* [Exercise instructions]:
Starting with the line that contains "控えめな甘さのリボンデザインニット。", copy every line through the end of the listing, exactly and only those. No pictures should appear in the copy.

------ Data for the task ------

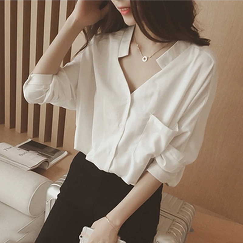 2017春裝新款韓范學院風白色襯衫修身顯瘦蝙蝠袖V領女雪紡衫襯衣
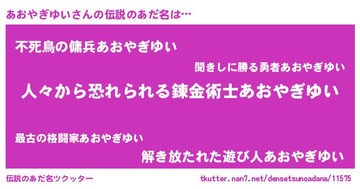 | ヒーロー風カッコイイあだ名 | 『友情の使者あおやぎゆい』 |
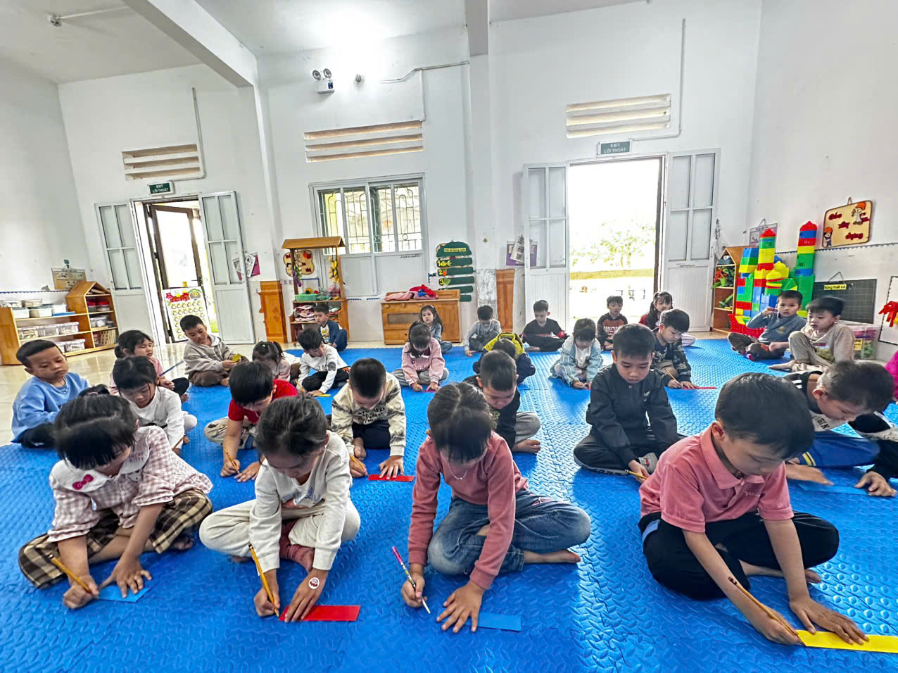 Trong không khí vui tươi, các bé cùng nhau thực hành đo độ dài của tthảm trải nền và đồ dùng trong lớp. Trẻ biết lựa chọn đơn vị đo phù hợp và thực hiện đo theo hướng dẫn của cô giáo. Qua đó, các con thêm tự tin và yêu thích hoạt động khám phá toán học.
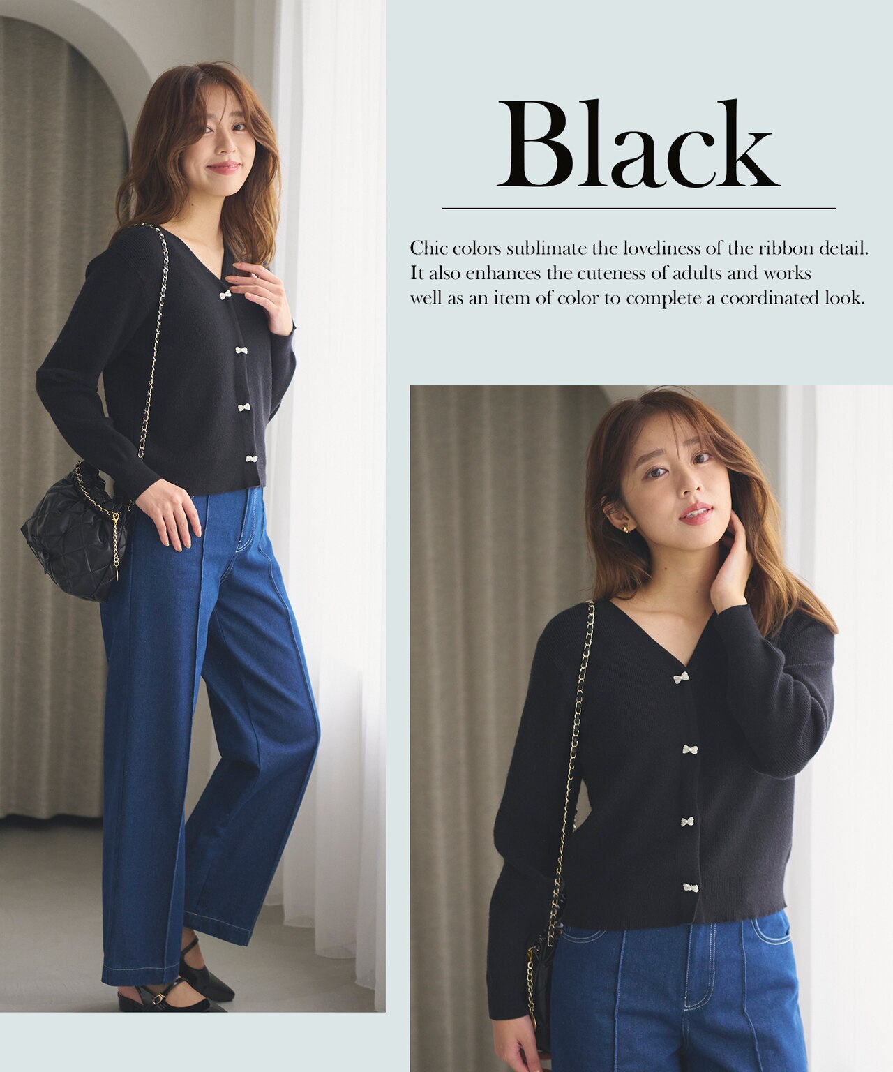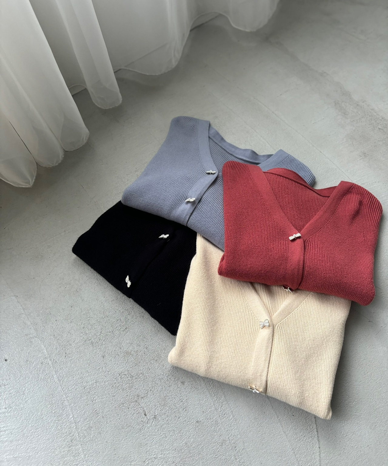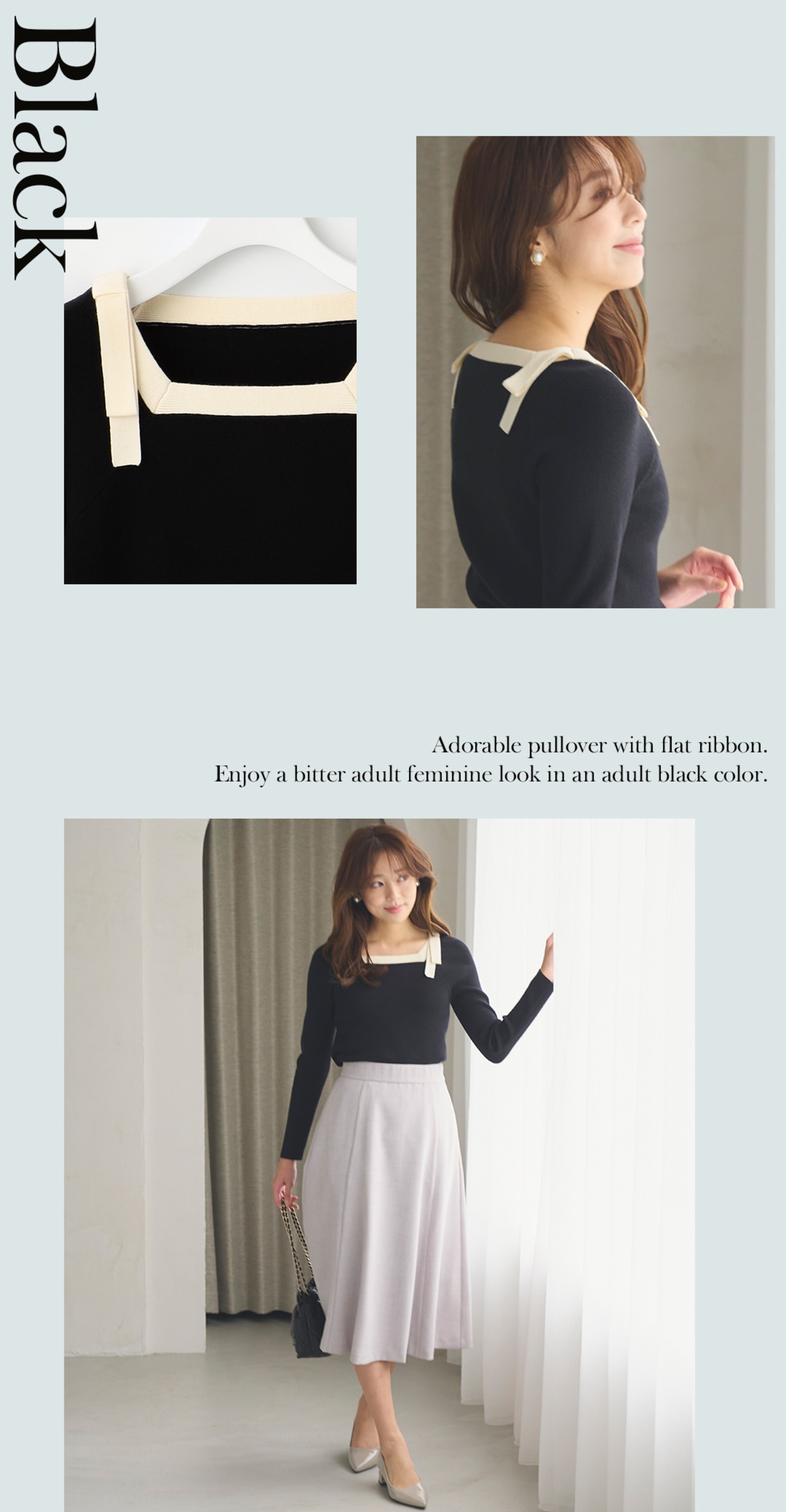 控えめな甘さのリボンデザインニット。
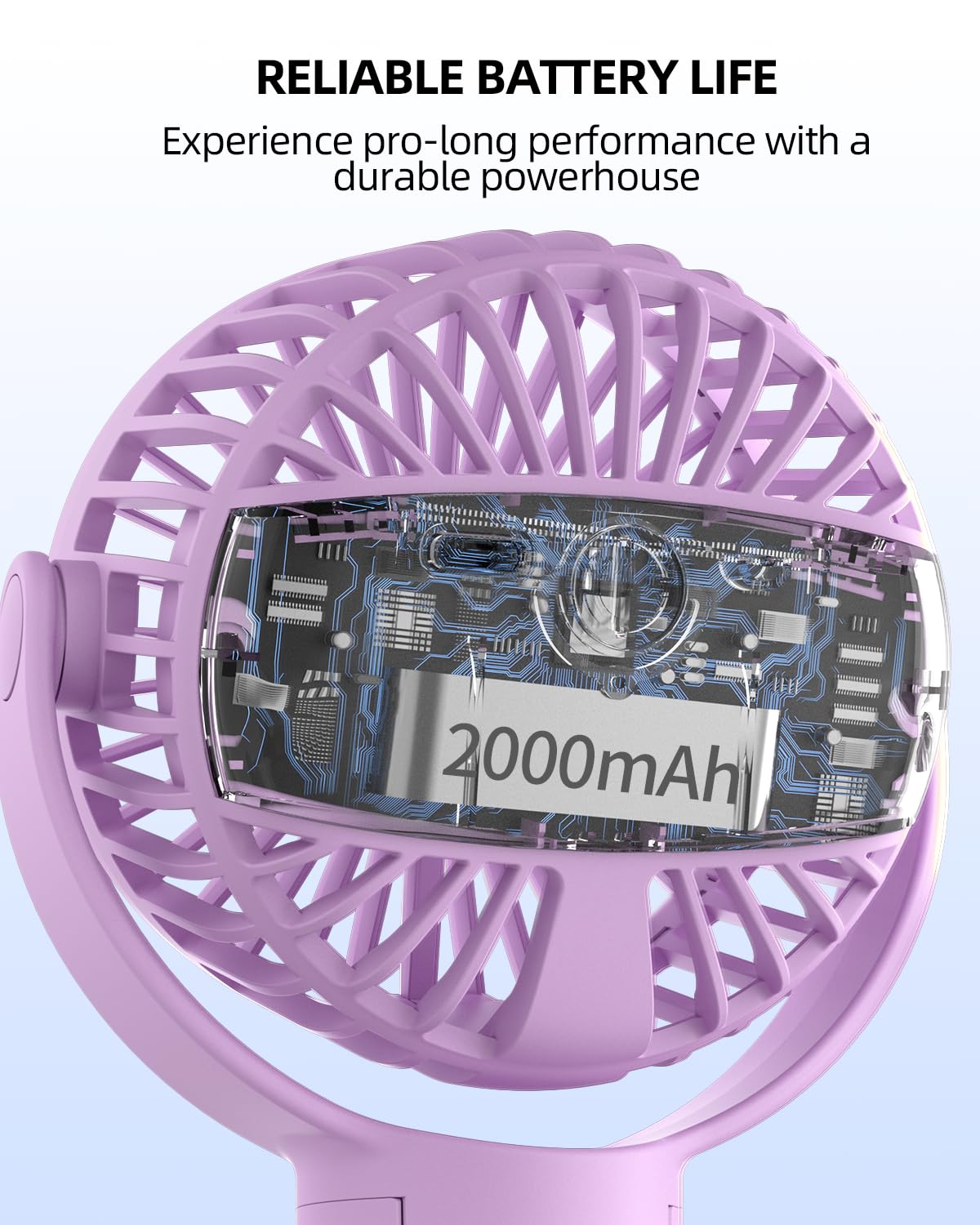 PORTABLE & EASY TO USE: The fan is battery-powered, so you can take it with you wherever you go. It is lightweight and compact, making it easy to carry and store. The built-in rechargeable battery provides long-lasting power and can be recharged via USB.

------

* [Solution below]:
 控えめな甘さのリボンデザインニット。
 PORTABLE & EASY TO USE: The fan is battery-powered, so you can take it with you wherever you go. It is lightweight and compact, making it easy to carry and store. The built-in rechargeable battery provides long-lasting power and can be recharged via USB.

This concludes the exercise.